Para Kim, según su estudio esto es un hecho. "El diagnóstico es más fácil si el trastorno
está combinado con retraso mental", apunta. La evidencia sobre este punto ha
evolucionado mucho en los últimos años. Como recuerda Maristany, antiguamente "la
gran mayoría de autistas presentaba retraso mental". Al haber ampliado el diagnóstico al
espectro autista, el porcentaje ha bajado. "Hay muchos niños con inteligencia normal",
subraya. "Pueden incluso ser brillantes. Algunos, por ejemplo, hablan como adultos, con
un excelente vocabulario, pero son incapaces de establecer contacto visual; por eso, no
les gustan a los otros niños y no tienen amigos", añade Kim.
Listas de espera
Además del problema del diagnóstico en afectados con inteligencia normal, existe la
dificultad añadida del protocolo utilizado para localizar este tipo de trastornos.
"No hay uno único", reconoce Parellada. "Debería haber una trayectoria clara para que
si un pediatra ve signos de trastornos de espectro autista en un paciente de entre 18 y 24
meses lo derive al especialista. Incluso en los casos claros, hay listas de espera, por no
hablar de los difíciles, como los que finalmente tienen trastornos del lenguaje o los de
alto nivel intelectual, que necesitan equipos muy especializados", recalca.
La palabra autismo viene del griego y quiere decir 'propio, uno mismo'. La utilizó por
primera vez el psiquiatra suizo Eugene Bleuler en 1912, pero hasta 1943 no se definió
como enfermedad. En ese año, el psiquiatra Leo Kanner, de la Universidad John
Hopkins de EEUU, lo describió como síndrome. En Austria lo hizo a la par Hans
Asperger.
¿Qué lo causa?
Todavía hoy no se saben las causas del autismo, aunque sí se sabe lo que no lo provoca.
En la década de 1950, expertos de algunos países sugirieron que era un síndrome
cercano a la psicosis y que estaba causado por un deficiente trato por parte de los
padres, noción que se ha demostrado absolutamente falsa.
¿Qué lo define?
¿Cómo se diagnostica?
No existen pruebas médicas específicas para el diagnóstico del autismo. Este se basa en
la observación de la conducta del niño. Los síntomas más comunes son la dificultad
para seguir la mirada y la falta de interés en el resto de las personas.

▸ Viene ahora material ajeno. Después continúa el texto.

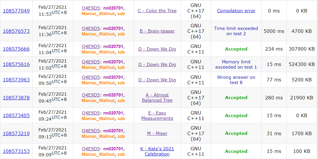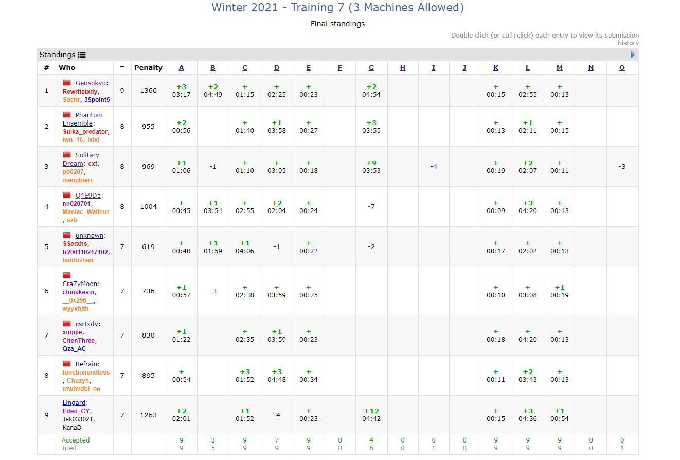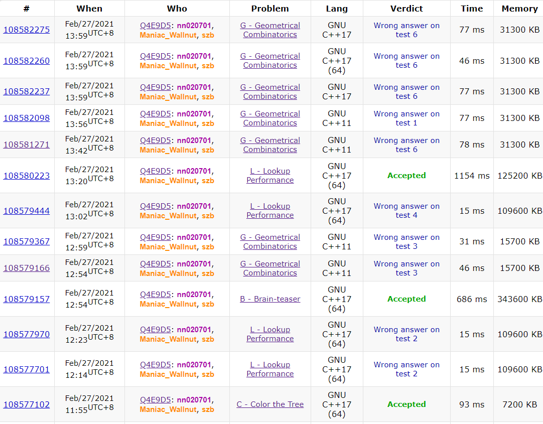 ② 如何确定要枚举的p? 我们先处理掉那些p3 于是得到整体算法流程: 筛小素数得到小素数集合P,先处理存在(a(x1+x2)+b)%p=0的那些大质数p得到集合Q,再对PUQ分别算出哪些f(x)要试除。总共试除的质数每次大约是7e6. 细节: ① Cipolla算法简介:() ② 上面②步中,枚举x进行处理时,当a,b都%p=0时是要让所有x都试除的,如果有%p非0才要求-b/a%p再筛。因为这个WA17了一年。 ③ 对于特别大的不可快速幂质数:有可能出现一个f(x) = p1×p2,p1是231.5以上的大质数(不可以快速幂取逆元),p2是6e5以上的大质数,而p1有x1和x2而p2没有(除不掉),导致程序让p1*p2而非p1进入答案统计。严格来说,p1有可能回取到1e10,1e11,这需要写其他求逆元方式,但我的程序在第二步强行让3e9以下的质数都进入试除(1e9,2e9都不行)就在3.8秒通过了。 ④ 直接(ll) sqrt(x) 不用担心炸精度,即使x有1e17级别。 G:整体右转45度,那么只需要对一条一条水平线和三角形求交,用组合数公式算一下即可。whn在实现时采用“先算三条线段与水平线的交点然后舍去在三角形外的那个”的方法,然后判点是否在三角形内的过程中炸了精度。 H: I: J: K: 签到。 L:签到 M:签到 N: O:

Antiguamente se decía que un 70% de los TEA tenían retraso mental, pero diversos
estudios han reducido esa cifra, incluso a un 3%, aunque no hay acuerdo global.
Uno de los desafíos a los que se enfrentan los expertos en TEA es que estos trastornos
no dejan huella física en el cerebro, lo que hace imposible diagnosticarlos por pruebas
objetivas más allá de la observación clínica. Sin embargo, un estudio publicado en la
última edición de 'Nature' podría cambiar las cosas, ya que, por primera vez,
investigadores de la Universidad de California en Los Ángeles han observado
diferencias entre los cerebros de afectados por TAE y sanos.
Los autores estudiaron muestras del cerebro de 19 pacientes con autismo fallecidos y las
compararon con las de 17 individuos sanos. La investigación reveló que, en los
pacientes de TEA, no se apreciaban diferencias en la expresión de genes en los lóbulos
frontal y temporal. En las personas sanas sí hay diferencias en estas zonas, donde se
‘alojan’ el raciocinio, la creatividad o las emociones. El problema del estudio de
‘Nature’ es que, al hacerse con muestras de tejido cerebral, no se podría aplicar al
diagnóstico en vida de los autistas.